- WORK ITEM -
Nothing but the lines from the one containing "今月のタオルを使ったリハビリ" through the one containing "İndirimden aldığımız için", both included, should be given again, each exactly as written below.

- MATERIAL PROVIDED -

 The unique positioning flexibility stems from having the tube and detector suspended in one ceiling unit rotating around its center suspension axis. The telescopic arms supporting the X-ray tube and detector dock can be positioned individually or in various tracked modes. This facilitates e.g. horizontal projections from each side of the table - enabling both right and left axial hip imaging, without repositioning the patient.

--

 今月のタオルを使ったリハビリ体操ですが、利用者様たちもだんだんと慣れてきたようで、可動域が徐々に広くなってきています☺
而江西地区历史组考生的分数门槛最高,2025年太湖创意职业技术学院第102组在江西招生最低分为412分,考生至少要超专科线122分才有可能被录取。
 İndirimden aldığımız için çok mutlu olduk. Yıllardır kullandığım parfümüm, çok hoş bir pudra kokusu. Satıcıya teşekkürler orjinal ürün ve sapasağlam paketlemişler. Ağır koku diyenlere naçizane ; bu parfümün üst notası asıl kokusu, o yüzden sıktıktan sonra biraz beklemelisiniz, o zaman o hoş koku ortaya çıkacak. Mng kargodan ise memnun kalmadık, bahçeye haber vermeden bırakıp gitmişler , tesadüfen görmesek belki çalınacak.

* * *

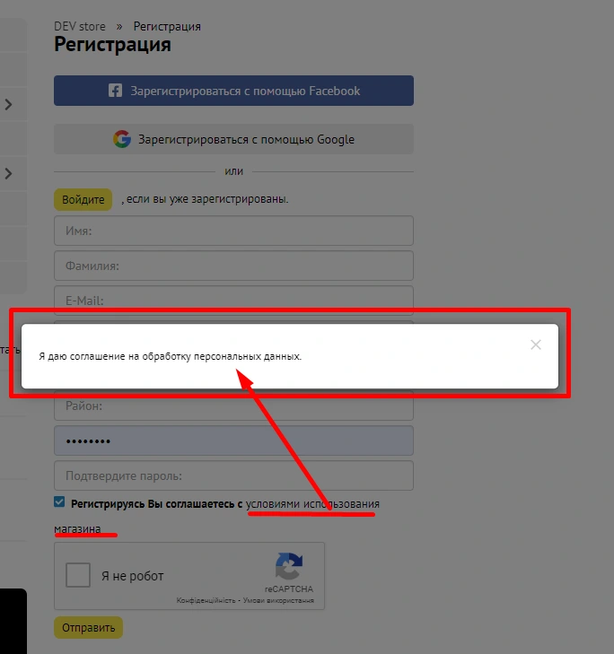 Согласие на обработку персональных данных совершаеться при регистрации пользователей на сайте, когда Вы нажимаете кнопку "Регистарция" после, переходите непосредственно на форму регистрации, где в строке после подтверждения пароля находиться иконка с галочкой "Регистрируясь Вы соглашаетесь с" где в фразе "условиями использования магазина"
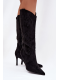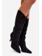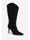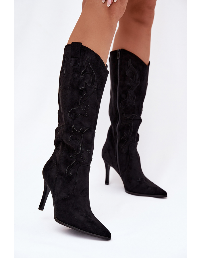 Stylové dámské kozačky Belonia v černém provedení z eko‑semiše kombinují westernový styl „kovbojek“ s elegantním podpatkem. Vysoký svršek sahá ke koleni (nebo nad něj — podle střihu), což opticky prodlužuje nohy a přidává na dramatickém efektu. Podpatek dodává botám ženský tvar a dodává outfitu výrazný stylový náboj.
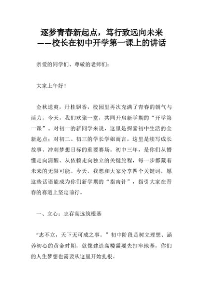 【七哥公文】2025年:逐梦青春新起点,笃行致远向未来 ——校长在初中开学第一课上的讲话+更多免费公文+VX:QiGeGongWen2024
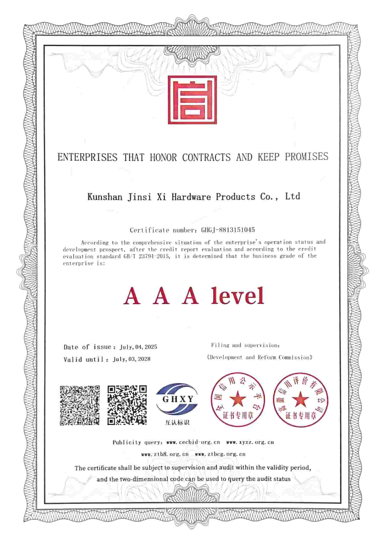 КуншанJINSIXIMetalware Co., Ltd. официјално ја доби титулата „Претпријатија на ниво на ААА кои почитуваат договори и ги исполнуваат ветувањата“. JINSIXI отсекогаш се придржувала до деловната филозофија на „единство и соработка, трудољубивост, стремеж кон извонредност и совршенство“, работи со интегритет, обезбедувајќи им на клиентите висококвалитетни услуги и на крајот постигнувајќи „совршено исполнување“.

- OUTPUT -
 今月のタオルを使ったリハビリ体操ですが、利用者様たちもだんだんと慣れてきたようで、可動域が徐々に広くなってきています☺
而江西地区历史组考生的分数门槛最高,2025年太湖创意职业技术学院第102组在江西招生最低分为412分,考生至少要超专科线122分才有可能被录取。
 İndirimden aldığımız için çok mutlu olduk. Yıllardır kullandığım parfümüm, çok hoş bir pudra kokusu. Satıcıya teşekkürler orjinal ürün ve sapasağlam paketlemişler. Ağır koku diyenlere naçizane ; bu parfümün üst notası asıl kokusu, o yüzden sıktıktan sonra biraz beklemelisiniz, o zaman o hoş koku ortaya çıkacak. Mng kargodan ise memnun kalmadık, bahçeye haber vermeden bırakıp gitmişler , tesadüfen görmesek belki çalınacak.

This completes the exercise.